Religion
- Affiliation: Catholic Church
- Status: Ruined

Location
- Location: County Kerry
- Country: Ireland
- Interactive map of Killemlagh Church
- Coordinates: 51°50′53″N 10°19′55″W﻿ / ﻿51.848°N 10.332°W

Architecture
- Style: Romanesque
- Completed: 12th century
- Materials: Stone

= Killemlagh Church =

Ruined church in County Kerry, Ireland

Killemlagh Church (Cill Imleach) is a ruined 12th-century church in County Kerry in the southwest of Ireland.

==Name and location==

Killemlagh, or Cill Imleach, means "church (cill) on marginal land (imleach)", or "church on border land".
John O'Hanlon (1821–1905) states that the name is due to the church lying beside the sea.
The church gives its name to the parish of Killemlagh in the Barony of Iveragh, County Kerry.
The graveyard is locally known as Glen graveyard, after the Glen parish church which adjoins the older Killemlagh Church.
It may be so-named because it is situated within a glen between Knocknaskereighta Mountain to the northeast and Canuig Mountain to the southwest.

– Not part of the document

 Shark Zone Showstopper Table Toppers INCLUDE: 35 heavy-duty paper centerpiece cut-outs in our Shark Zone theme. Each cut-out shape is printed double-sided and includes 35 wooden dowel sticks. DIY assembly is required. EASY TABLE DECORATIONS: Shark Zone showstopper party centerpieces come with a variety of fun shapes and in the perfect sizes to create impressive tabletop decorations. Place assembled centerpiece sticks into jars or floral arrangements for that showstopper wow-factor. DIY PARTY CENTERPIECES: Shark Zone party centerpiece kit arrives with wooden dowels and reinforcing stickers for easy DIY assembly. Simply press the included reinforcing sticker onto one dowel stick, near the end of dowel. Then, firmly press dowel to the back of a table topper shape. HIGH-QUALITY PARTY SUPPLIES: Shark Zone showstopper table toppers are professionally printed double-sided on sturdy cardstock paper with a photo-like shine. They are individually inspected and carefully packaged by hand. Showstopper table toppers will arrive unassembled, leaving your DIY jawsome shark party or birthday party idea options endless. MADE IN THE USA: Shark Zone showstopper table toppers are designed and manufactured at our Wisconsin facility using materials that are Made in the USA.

The church is on the Skellig Ring drive between Portmagee and Ballinskelligs, looking over St. Finian's Bay.
From the church one can see the Skellig Islands.
The megalithic stone structure called the "Pagan's Grave" is nearby.
The site is said to be that of the monastery of Finnian of Clonard.
To the west of the old church, St. Finin's Well is situated by the sea shore.

==Structure==

Killemlagh Church was built in the late 12th century.
The style is Romanesque.
Until the mid-17th century, the church was in good condition, but it has since lost its roof.
A new chapel was attached to the original church, which by then was ruined, in the 19th century.
The new parish church is now also roofless.
According to O'Hanlon, writing in 1875,

The parish chapel was built to the north side of this ruined church; the north wall of the latter serving for the south wall of the former building. The old building, on the interior, is forty-eight feet, six inches, in length; the breadth seventeen feet, nine inches; while the height of its side walls, on the inside, is ten feet, three inches. The thickness of its walls is about three feet, five and a-half inches.

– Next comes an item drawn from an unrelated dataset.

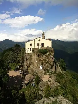 The Santuari de Bellmunt (sanctuary of Bellmunt in Catalan) is a sanctuary in the municipality of Sant Pere de Torelló (Osona), which is located on top of the Serra of Bellmunt at 1246 m altitude. There is a viewpoint from where visitors can see the plain of Vic, the Pyrénées, the Ges Valley, and Bisaura. Along the sanctuary is a refuge and a restaurant, all built on the rock. It can be accessed on foot or by car from Sant Pere de Torelló, and from Vidrà only on foot. The image of the Lady of Bellmunt is a 22 cm painted statue of Alabaster.[1]

On the east gable, there is a window, constructed of green cut stone. It has a circular top, on the inside. This window is eight feet, three inches, high, on the inside, and four feet, two inches, broad. A heap of human bones, coffin boards and earth, dug up to cover graves, raised the ground surface, on the interior, to level with this window, in 1841. On the outside, this window appears to have been pointed at top, where it was somewhat injured, at that period. The window, on this side, was then about two feet, four inches, from the ground—it is to be presumed at the lower part—it being five feet, two inches, in height. and seven inches, in width.

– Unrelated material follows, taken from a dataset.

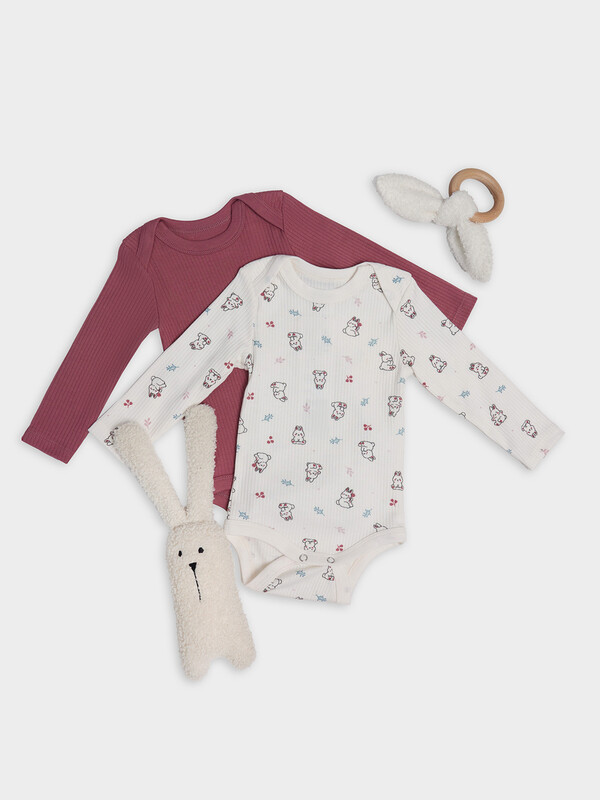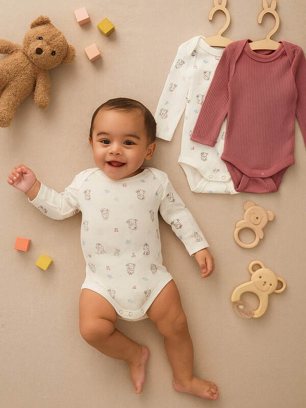 Низ боди застегивается на удобные кнопки-книпперы, которые надежно фиксируют изделие и упрощают одевание. Эти боди для новорожденных идеальны для сна, прогулок и домашнего отдыха. Если вы ищете, где купить детское боди в наборе, этот вариант станет отличным выбором благодаря качественным материалам и продуманным деталям.

At a distance of two feet, six inches, from the east gable, there stood a window, in the south side wall. This was square on the inside—a rude flagstone being placed across it, at top and bottom. A heap of bones and broken coffins nearly reached to the window, on the inside, in 1841. Interiorly, the window measured five feet, eleven inches, in height, and three feet, eight inches, in breadth, below, and above, three feet, nine inches. Exteriorly, it is rounded, at the top, being two feet, eleven inches, in height; six inches in width; and, one foot, nine and a-half inches, from the ground.
On the south side wall, about thirteen feet, eight inches from the west gable, there is a circular doorway, the interior sides of which are built with green cut-stone, as is, also, a part of its arch, the top of which has been constructed with rude and thin stones. The inside height of this door is about seven feet, eight inches; the breadth is about five feet, four inches.

The antiquary P.J. Lynch described the church in 1909.
Although the style was generally typical of a church of the 12th century, the shallower pitch of the roof led him to think it might be of later construction.
The stone of the walls are not large, and the green stone of the district was used for the door and window dressings.
The heads of the windows are semi-circular.
The east window is 7+1/2 in wide at its sill, narrowing to 5+1/2 in at its head.
The original doorway was in the west end, but this had been filled in.
In 1909, the doorway was in the south side, and the dressings had either been removed or the opening was relatively recent and never had dressings.
The walls were about 11 ft high above the ground level and 3 ft 6 in thick.